# ATTN: Webmaster!



## master_t (Sep 23, 2002)

I was wondering if it is at all possible to add a feature to the forum that enable emails to be sent upon receiving an IM? That way, people won't keep having to write "You have IM" all the time as the recipient will know when an IM has been received! Basically it's the same idea as "Check if you wish to be notified of replies to this topic."

Alternatively, it may be easier to display "you have new messages" instead of the number of messages?

Only a suggestion! Pls don't flame me!!!


----------



## jampott (Sep 6, 2003)

Well I kind of agree, but there IS notification that you have new IM. If you choose not to look at it, thats up to you!!

All this "you have IM" rubbish, I've never really quite understood - particularly if someone is selling something on the Sale Forum or responding to someone else that is..... quite frankly if you are expecting replies, you'd have to be a total window licker not to bother checking to see if you had any.....

*shrug*

just MHO too (oh, and can a mod shift this into "Site News")


----------



## master_t (Sep 23, 2002)

> All this "you have IM" rubbish, I've never really quite understood - particularly if someone is selling something on the Sale Forum or responding to someone else that is..... quite frankly if you are expecting replies, you'd have to be a total window licker not to bother checking to see if you had any.....

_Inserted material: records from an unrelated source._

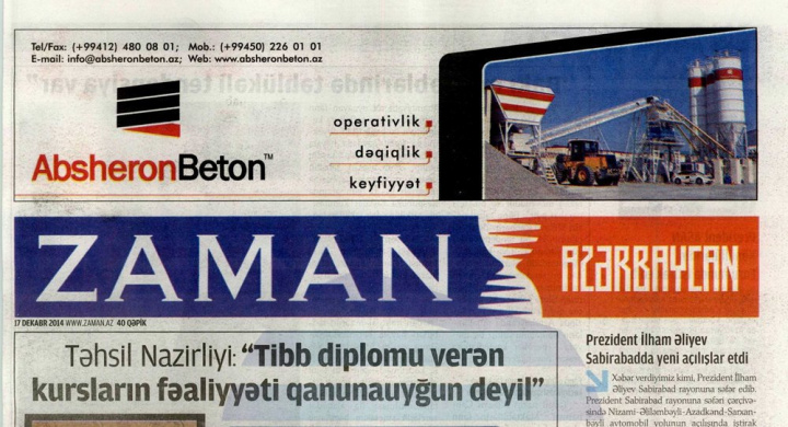 Озарбайжонда Zaman газетаси 25 йиллик фаолиятдан кейин фаолиятини тўхтатди.
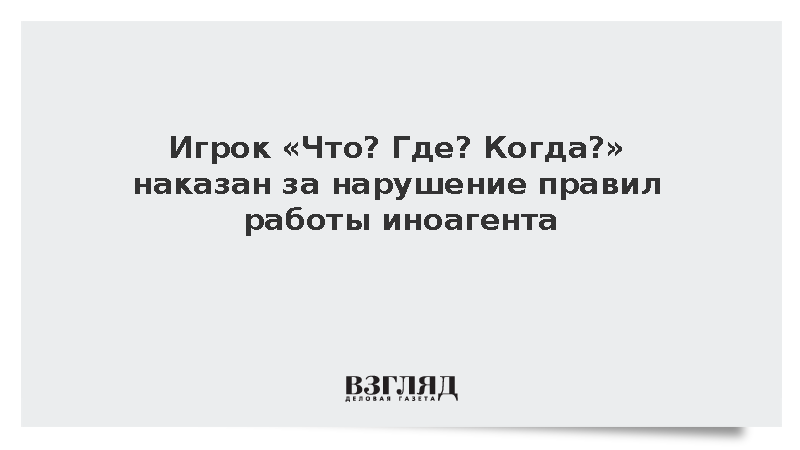 Игрок «Что? Где? Когда?» наказан за нарушение правил работы иноагента
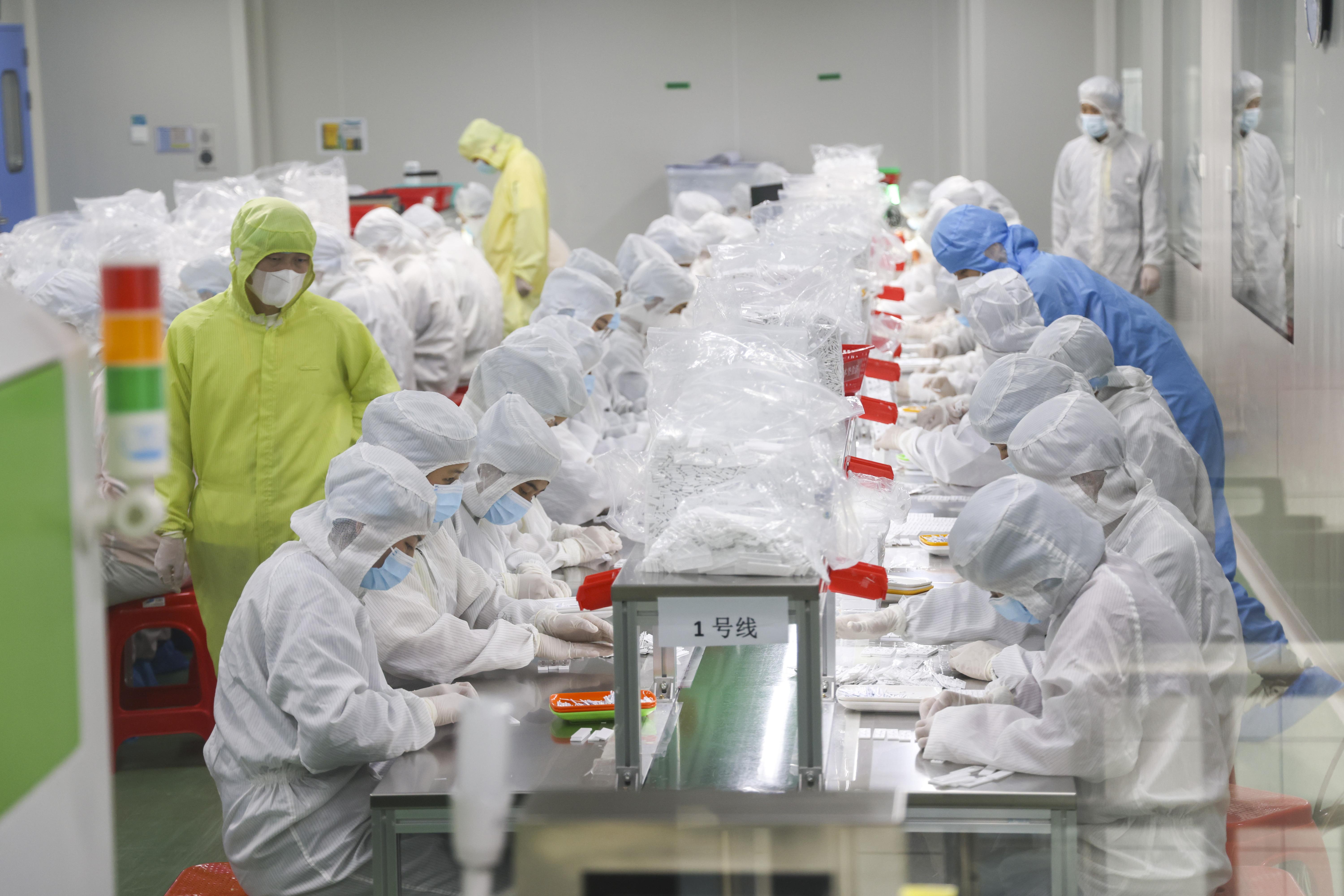 12月21日,深圳企業(yè)亞輝龍生產(chǎn)車間,工人們忙碌不同,正在加快生產(chǎn)新冠抗原檢測試劑。 南方日報記者 朱洪波 攝
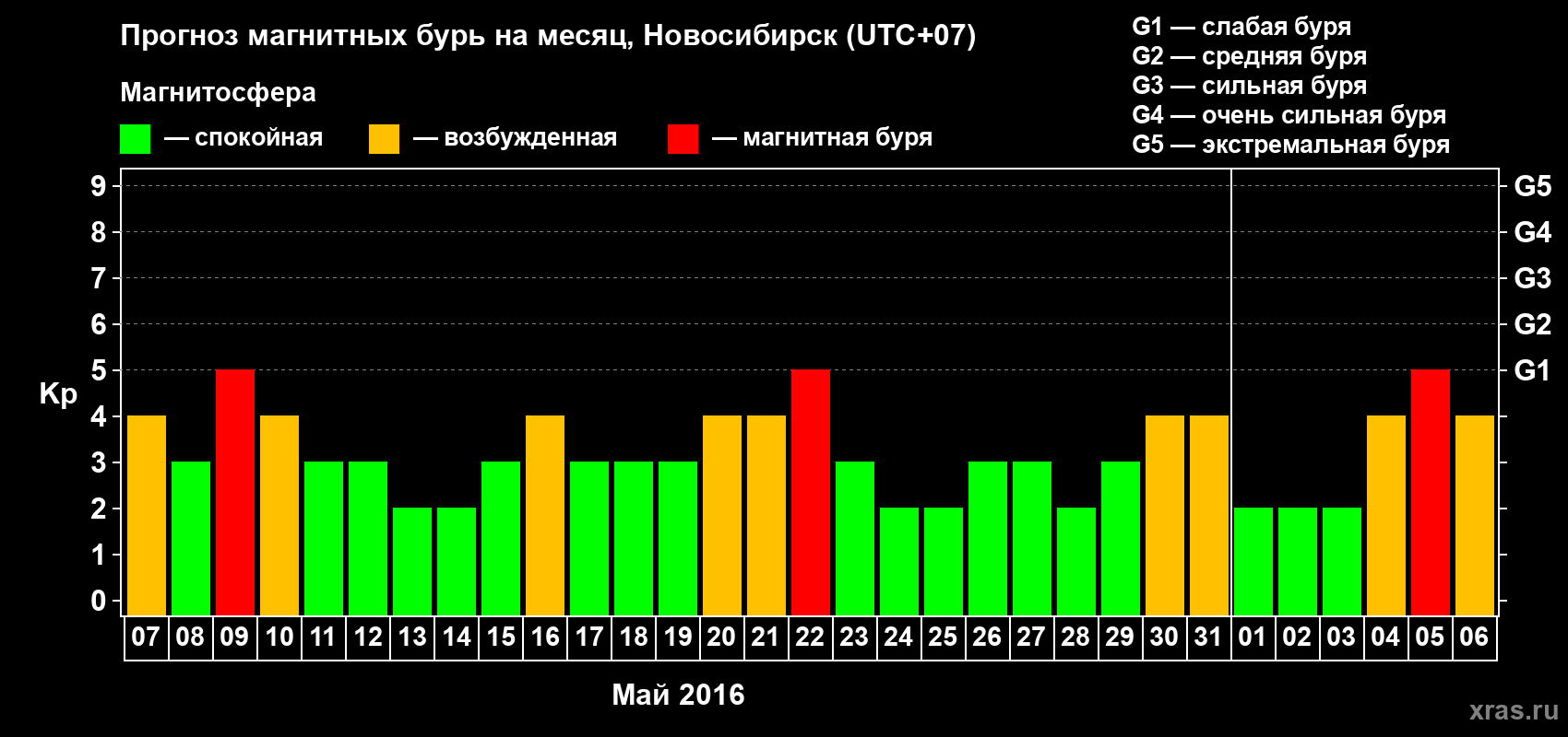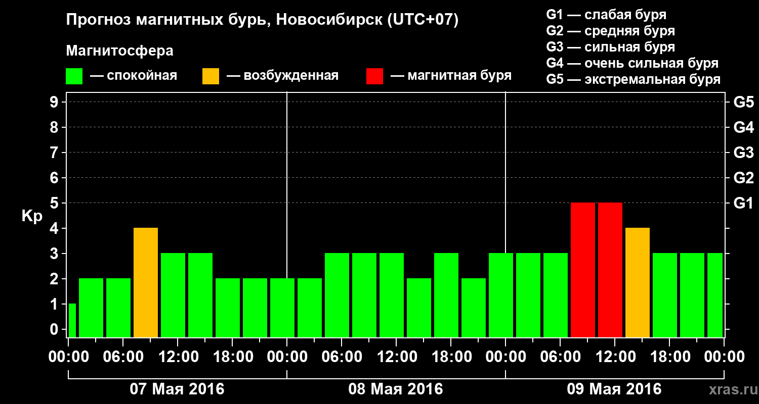 Прогноз магнитных бурь в Новосибирске — 7 мая 2016 года
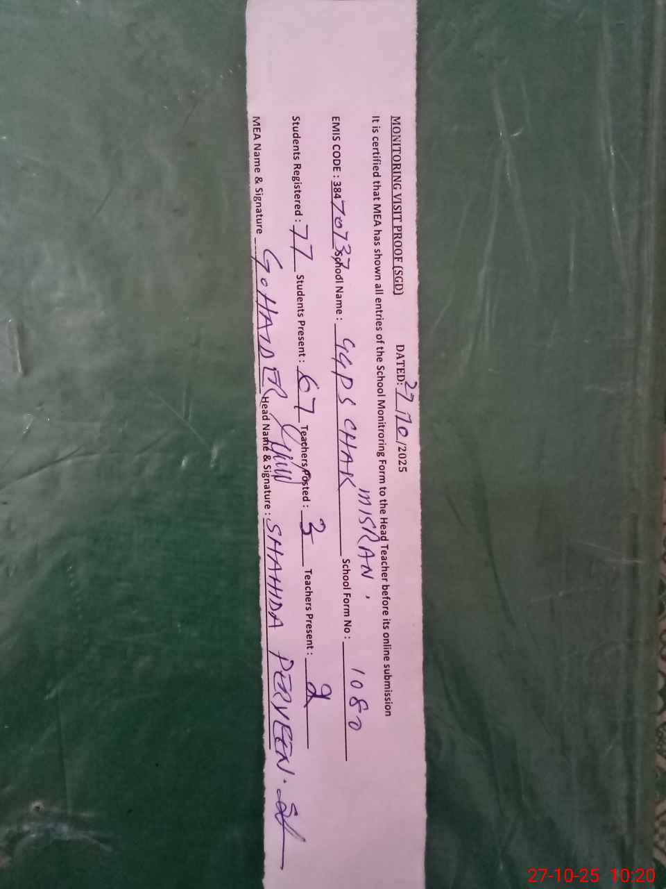 | EMIS Code: 38470737 | Name of School: GGPS CHAK MISRAN | |||
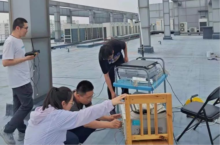 坐標(biāo)58號(hào)樓樓頂,北京這些日子時(shí)而艷陽(yáng)高照,時(shí)而潮濕悶熱,樓頂上更是熱氣騰騰,設(shè)備摸上去都燙手。但為了保障項(xiàng)目產(chǎn)品順利交付,5G通信導(dǎo)航事業(yè)部的技術(shù)人員正抓緊進(jìn)行著產(chǎn)品測(cè)試工作,他們幾乎每天在樓頂上一呆就是幾個(gè)小時(shí),任憑身上的衣服濕了又干,干了又濕,沒有一絲退縮。
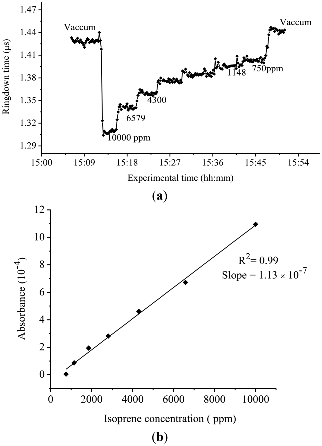 The results of the ringdown measurements of isoprene conducted at 275 nm are shown in Figure 4. Owing to the very low absorption strength in this region (confirmed later by the results of this experiment), a concentration of isoprene gas samples up to a few thousands of ppm was required in order to observe a significant change in the ringdown time. For example, at the 275 nm wavelength, when 10,000 ppm isoprene gas sample was introduced into the chamber, the ringdown time dropped to 1.30 μs from 1.42 μs in the vacuumed chamber, as shown in the Figure 4(a). Subsequently, the ringdown time increased only up to 1.33 μs even when the isoprene concentration in the chamber was decreased to 6,579 ppm. The difference in the ringdown times narrowed down further with decrease in the isoprene concentration. At 1,148 and 750 ppm, the difference in the ringdown time was only 0.01 μs; the actual ringdown times recorded at these concentrations were 1.39 μs and 1.40 μs, respectively. Figure 4(b) shows the experimental curve of the measured isoprene absorbance at 275 nm versus isoprene concentration. A good linearity, R2 = 0.99, was obtained. Based on the slope of the curve, the absorption cross-section of isoprene at 275 nm was measured to be 6.20 × 10−23 cm2·molecule−1. Similarly, absorption cross-section of isoprene at 270 nm was also determined, which was 4.81 × 10−22 cm2·molecule−1.

V. true, but if someone isn't expecting an IM, they may not realise they have one for a long period of time. However, if a person expects IM on a regular basis, a load of emails may cause frustration! There should be a choice to whether you wish to receive IM emails. Optionality is the key!


----------



## kmpowell (May 6, 2002)

All i get is messages from people wanting to beat me up at burghley or feeding me duff information that they expect me to respond to, so im not bothered. :-/


----------



## master_t (Sep 23, 2002)

> All i get is messages from people wanting to beat me up at burghley or feeding me duff information that they expect me to respond to, so im not bothered. Â :-/


lol. Let me know when they beat you up so I can steal your wheels whilst you are lying unconscious in a heap!


----------